14. The polyisocyanate composition of claim 12, wherein the compound a) is prepared by reacting a monoisocyanate with a compound containing two hydroxy groups.
15. 15. The polyisocyanate composition of claim 13, wherein said aliphatic diisocyanate includes 1,6-hexamethylene diisocyanate.
16. 16. A process for the preparation of a polyisocyanate adduct containing allophanate groups, siloxane groups and optionally isocyanurate groups which includes reacting a compound a) which i) is substantially free of hydroxyl groups and isocyanate groups, ii) has an average of at least two urethane groups per molecule and iii) contains from 0 to 50% by weight of siloxane groups, based on the weight of the polyisocyanate adduct, with an excessive amount, based on the equivalents of urethane groups, of a polyisocyanate b), which optionally contains siloxane groups, to form an adduct of p-oliisocyanate and optionally removing at least a portion of the unreacted excessive polyisocyanate b), provided that the compound a) and the polyisocyanate b) contain a total of at least 0.001% in weight, of siloxane groups, based on the weight of the polyisocyanate adduct.
17. 17. A two component coating composition containing the polyisocyanate adduct of claim 1 and a compound containing at least two isocyanate reactive groups.

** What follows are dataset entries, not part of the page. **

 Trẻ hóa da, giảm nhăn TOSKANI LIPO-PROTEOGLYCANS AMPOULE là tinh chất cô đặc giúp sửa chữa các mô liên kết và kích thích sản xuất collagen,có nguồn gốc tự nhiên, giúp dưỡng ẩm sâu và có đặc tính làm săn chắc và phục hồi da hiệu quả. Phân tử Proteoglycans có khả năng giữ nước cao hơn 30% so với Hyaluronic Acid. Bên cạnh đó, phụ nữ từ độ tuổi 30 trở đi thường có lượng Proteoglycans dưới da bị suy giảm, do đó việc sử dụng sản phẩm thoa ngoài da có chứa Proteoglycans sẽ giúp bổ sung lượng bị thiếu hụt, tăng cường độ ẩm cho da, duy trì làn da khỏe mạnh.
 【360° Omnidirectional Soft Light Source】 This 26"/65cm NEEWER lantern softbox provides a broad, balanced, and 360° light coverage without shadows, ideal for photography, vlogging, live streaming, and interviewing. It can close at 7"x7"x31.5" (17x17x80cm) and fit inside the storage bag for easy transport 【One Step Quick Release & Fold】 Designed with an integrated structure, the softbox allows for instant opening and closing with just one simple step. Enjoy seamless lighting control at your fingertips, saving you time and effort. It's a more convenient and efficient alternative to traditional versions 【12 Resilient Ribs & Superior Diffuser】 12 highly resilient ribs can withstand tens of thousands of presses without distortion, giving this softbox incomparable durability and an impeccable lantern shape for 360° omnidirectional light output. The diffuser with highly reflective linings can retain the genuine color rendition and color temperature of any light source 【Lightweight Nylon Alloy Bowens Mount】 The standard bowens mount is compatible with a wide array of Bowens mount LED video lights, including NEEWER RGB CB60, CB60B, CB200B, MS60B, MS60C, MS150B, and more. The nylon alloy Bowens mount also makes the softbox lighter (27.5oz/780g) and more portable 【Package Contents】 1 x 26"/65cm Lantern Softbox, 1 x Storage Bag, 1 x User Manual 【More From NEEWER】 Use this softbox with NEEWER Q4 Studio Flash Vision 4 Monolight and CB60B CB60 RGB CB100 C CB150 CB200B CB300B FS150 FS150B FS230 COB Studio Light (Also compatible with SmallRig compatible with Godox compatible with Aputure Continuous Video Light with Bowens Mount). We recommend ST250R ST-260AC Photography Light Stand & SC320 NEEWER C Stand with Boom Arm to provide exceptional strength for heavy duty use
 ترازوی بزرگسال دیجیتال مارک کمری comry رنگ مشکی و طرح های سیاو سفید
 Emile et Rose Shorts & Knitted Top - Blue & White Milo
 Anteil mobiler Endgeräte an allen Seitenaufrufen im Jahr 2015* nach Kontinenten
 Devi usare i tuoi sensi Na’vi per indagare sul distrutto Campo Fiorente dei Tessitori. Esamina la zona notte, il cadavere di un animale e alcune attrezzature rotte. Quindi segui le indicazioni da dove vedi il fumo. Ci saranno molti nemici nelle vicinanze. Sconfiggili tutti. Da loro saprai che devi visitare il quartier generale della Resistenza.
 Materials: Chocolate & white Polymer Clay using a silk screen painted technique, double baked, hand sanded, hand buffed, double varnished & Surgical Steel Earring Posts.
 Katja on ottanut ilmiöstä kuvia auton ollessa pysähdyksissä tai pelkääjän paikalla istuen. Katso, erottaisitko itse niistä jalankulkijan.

18. 18. A one component coating composition containing the polyisocyanate adduct of claim 1, wherein the isocyanate groups are blocked, and a compound containing at least two isocyanate reactive groups. SUMMARY OF THE INVENTION The present invention relates to polyisocyanate adducts containing allophanate groups, siloxane groups and optionally isocyanurate groups which are prepared by reacting compounds a) which i) are substantially free of hydroxyl groups and isocyanate groups, ii) have an average of at least two urethane groups per molecule and iii) contain from 0 to 50% by weight of siloxane groups, based on the weight of the polyisocyanate adducts, with an excessive amount, based on the urethane group equivalents, of polyisocyanates b), containing optionally siloxane groups, to form polyisocyanate adducts and optionally removing at least a portion of the unreacted excessive polyisocyanates b), provided that the compounds a) and the polyisocyanates b) contain a total of at least 0.001% by weight of siloxane groups based on the weight of the polyisocyanate adducts. The present invention also relates to a process for preparing said polyisocyanate adducts, to blends of the polyisocyanates with other polyisocyanates containing no siloxane groups and to the use of the polyisocyanate adducts or polyisocyanate mixtures, optionally in blocked form, in compositions of coating of one or two components.